The ceremonies marking the 125th anniversary of the First Zionist Congress have recently concluded in Basel, Switzerland, and thus it seems an appropriate moment to contemplate the legacy of the organizer of that Congress: The founder of political Zionism, Theodor Herzl, who said, “At Basel, I founded the Jewish state.” It took some time, and he was not there to see it, but he was right.
Herzl was, without question, the most important Zionist leader who ever lived. But he is also the most inscrutable.
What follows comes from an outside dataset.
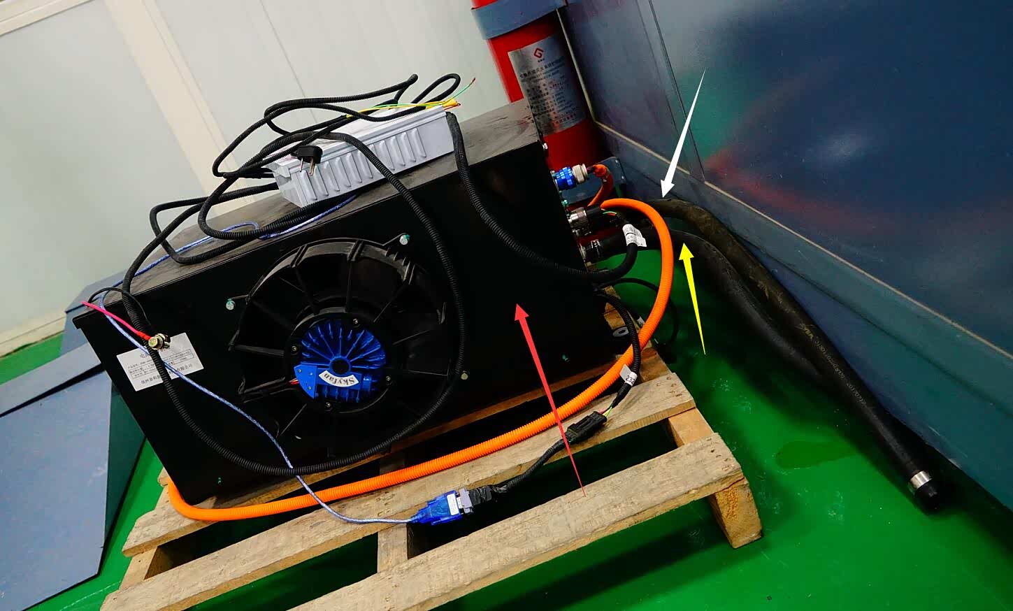 黄色箭头:冷却液至动力电池输入端口

He was an effective and inspirational leader, but also an impenetrable enigma, possessed of mercurial and mysterious moods and given to flights of fancy that baffled and frustrated many of those closest to him.
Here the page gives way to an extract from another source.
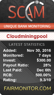 Cloudminingpool была основана в 2016 году в Гонконге, мы являемся инвестиционной компанией, которая занимается в обмен криптовалюта, Bitcoin горнодобывающей промышленности и торговли иностранной валютой. С клиентами со всего мира, Cloudminingpool управляет профессиональный форекс трейдеров команды и добычи Bitcoin команды. Мы также в разгар развития инновационной криптовалюта обмена торговой программы. Проверенная в нашем успехе, мы являемся компанией, которой доверяют во всем мире. Мы наблюдали сертифицированных мониторов HYIP, и мы гарантируем, каждый инвестиции мы делаем это в лучшем положении для наших клиентов.
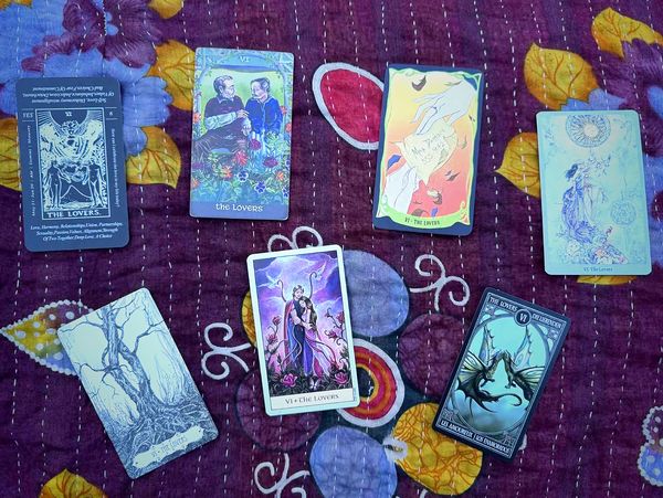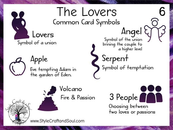 The traditional images of this card show a choice between two lovers, while sometimes that is the case, it doesn’t necessarily mean a choice between two people, sometimes we need to decide where and how much of our energy will be focused on any one thing. There is a balance that has to occur in life to follow your passions and to keep loved ones and friends close and a balance that also ensures your passion doesn’t become an obsession. Sometimes this card can represent the choice between doing what is socially acceptable, and taking the path that you truly desire.

This enigmatic nature was epitomized by his greatest accomplishment, which was a very simple one: He, and in some ways he alone, refused to look away. When Herzl encountered the rise of modern anti-Semitism, rearing up out of an ostensibly liberal and enlightened world, he did not do what almost everyone else did, which was to pretend it wasn’t happening. He refused to lie to himself. He understood its terrible implications for the Jewish people and decided that he would resist it.
Like all great men, Herzl was wrong about many things, but in that moment, he was right when almost everyone else was wrong. And this was the essential thing. It was the only thing, in fact, that really mattered.
But does this bring us any closer to the real Herzl? Does it tell us who this strange and remarkable man really was?
The truth is that it does not. It does not explain how or why he was able to face what everyone else refused to face. How he had his great insight, and was willing to suffer opprobrium and ridicule for it. Why he gave himself over to a cause that almost everyone else at the time considered foolhardy and even insane.
In some ways, we will never penetrate this enigma. But if we want to understand the man himself, I believe we can come closest to it, ironically, not through his writings or his activism, but through his photographs.
I do not mean only the famous photograph of him on the balcony of his Basel hotel, leaning upon the railing, his hands clasped, staring off into the distance across the Rhine, like a man in another place, possessed by what may be waiting on the opposite bank, the other side. I mean all of his photographs, because he appears largely the same in all of them, and one does sense that—every single time—something like the essence of the man has been captured.
I will tell you what I see in those photographs. I see, first and foremost, his eyes. They are quite strikingly large, and always open wide with a stare that seems to pierce and unnerve the viewer. One can only imagine the extraordinary effect they must have had on those who fell under his uncanny gaze. There is no doubt as to the origin of his charisma.
But those eyes are also obscure and distant, giving above all a sense of rumination, of a relentless mind working slowly but steadily through other and abstract worlds. This, along with his enormous beard, gives him, despite his secularism, a distinctly rabbinical cast.
I also see a man of considerable melancholy, who is not only lost in thought but also looking back through time into what he called his people’s “struggles and sufferings.” They are sad eyes because they are the eyes of a man who wishes, above all, to be free—free of history, free of suffering, free of the depredations of an unjust world.
Yet they are not despairing eyes. In all of his photographs, especially the one on the Basel balcony, Herzl appears resolute. He has the countenance of a man who believes with perfect faith that he has a destiny, though he doubts whether he will have the fortitude, skill and length of days to fulfill it—as he both did and did not. He looks like a man who knows that he will probably die young with his dreams unfulfilled (as he did) but is nonetheless determined to do what he can, and leave it to younger and healthier men to complete the task. He appears to know, as the sage put it, that it is not for him to finish the work, but nor is he free to desist from it.
It may be that this conviction came from the fact that while Herzl wished to be free from many things, he did not wish to be free of his people. In all his photographs, there is a distinct, trunk-like quality to Herzl’s physicality. He has the look of a great tree firmly planted in the ground. And that ground may have been the stark reality, which he did not, in the end, despise or neglect, that he was a Jew—and a different kind of Jew. He was no wanderer. The land beneath his feet was solid. Yet it was also, at that moment, incorporeal. So, he was determined to give it flesh and sinew, to struggle to bring it back to life like Ezekiel’s dry bones in the desert.
And that is what I see above all: a man of the struggle. A man who is contending mightily with an evil world. A man who knew that he would lose that struggle, but others after him might win it, and thus he was not free to desist from it. And if those staring eyes seek to tell us anything, it is that we, too, are not free to desist from it. For this, and this alone, the Jewish people owe him everything.